9. Apparatus for detecting the leading edge of print media in a printer, comprising:
at least one print media advancement wheel configured for advancing the print media through the printer along a print media drive path; an encoder strip; and a leading edge detecting linkage member having a first end interrupting the drive path and a second end positioned adjacent the encoder strip to strike the encoder strip when the leading edge of print media is advanced into the leading edge detecting linkage member.
1. A method of detecting the leading edge of a sheet of print media as the print media is advanced along a media drive path through a printer having a carriage axis strip encoder, the method comprising the steps of:
(a) interrupting the media drive path when there is no print media in the media drive path with a leading edge detecting member that has a striker positioned adjacent the strip encoder when there is no print media in the media drive path; (b) advancing the print media along the media drive path and into the leading edge detecting member; and (c) causing the striker of the leading edge detecting member to strike the strip encoder.

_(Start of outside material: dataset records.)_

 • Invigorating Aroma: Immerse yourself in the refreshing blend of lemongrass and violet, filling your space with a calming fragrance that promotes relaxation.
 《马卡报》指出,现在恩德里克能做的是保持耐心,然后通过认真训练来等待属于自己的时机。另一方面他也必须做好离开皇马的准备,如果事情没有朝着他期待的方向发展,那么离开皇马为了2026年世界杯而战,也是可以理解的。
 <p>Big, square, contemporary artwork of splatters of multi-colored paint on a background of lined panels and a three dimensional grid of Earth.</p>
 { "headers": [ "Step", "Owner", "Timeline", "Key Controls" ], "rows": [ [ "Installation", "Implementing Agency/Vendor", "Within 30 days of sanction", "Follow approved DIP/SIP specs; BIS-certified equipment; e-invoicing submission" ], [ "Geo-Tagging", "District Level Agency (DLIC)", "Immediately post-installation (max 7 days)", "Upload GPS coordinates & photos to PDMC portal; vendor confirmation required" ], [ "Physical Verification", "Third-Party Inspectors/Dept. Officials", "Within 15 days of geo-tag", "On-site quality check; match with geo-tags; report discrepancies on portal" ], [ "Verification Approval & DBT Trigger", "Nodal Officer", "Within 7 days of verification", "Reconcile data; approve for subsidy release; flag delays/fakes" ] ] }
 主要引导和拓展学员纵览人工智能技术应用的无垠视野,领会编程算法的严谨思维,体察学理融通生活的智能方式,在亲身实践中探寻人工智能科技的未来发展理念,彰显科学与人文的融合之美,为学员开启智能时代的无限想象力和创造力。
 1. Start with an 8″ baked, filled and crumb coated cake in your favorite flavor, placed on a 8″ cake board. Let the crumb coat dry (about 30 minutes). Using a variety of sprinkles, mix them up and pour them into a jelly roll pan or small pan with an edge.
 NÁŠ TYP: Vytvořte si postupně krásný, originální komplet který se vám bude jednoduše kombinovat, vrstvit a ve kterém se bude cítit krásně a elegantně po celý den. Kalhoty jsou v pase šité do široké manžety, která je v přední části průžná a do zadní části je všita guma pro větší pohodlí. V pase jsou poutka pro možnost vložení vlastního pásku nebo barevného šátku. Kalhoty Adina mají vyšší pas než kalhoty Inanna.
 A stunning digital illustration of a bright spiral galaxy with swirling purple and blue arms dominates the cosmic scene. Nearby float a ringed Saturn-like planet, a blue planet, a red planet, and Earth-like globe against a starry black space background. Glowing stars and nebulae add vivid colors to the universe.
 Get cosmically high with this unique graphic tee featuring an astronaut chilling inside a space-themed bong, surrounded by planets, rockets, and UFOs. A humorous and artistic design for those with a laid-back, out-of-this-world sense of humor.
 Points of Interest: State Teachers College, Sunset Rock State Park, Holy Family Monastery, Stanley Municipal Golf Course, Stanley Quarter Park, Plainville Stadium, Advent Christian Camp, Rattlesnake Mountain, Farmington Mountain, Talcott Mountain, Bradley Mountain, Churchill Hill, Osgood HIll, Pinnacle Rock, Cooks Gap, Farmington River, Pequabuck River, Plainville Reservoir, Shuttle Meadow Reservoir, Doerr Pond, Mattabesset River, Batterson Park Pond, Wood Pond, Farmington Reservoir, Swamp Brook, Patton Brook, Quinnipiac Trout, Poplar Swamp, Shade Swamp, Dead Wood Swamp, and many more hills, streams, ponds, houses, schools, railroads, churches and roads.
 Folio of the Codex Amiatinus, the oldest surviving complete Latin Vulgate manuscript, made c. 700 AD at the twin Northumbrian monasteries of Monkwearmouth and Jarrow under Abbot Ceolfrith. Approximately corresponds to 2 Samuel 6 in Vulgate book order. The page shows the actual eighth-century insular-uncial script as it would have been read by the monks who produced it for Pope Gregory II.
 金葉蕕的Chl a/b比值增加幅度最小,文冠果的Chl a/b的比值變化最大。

19. A method of detecting edge of a sheet of print media as the print media is advanced along a media drive path through a printer of the type having a strip encoder for controlling the position of a print cartridge, the method comprising the step of:
(a) detecting the presence of the media leading edge by interposing in the media drive path a leading edge detector that has a striker positioned adjacent to the strip encoder; (b) advancing the media along the media drive path and into the leading edge detector; and (c) in response to step (b), causing the striker to contact the strip encoder to generate a reference signal corresponding to the presence of the media leading edge.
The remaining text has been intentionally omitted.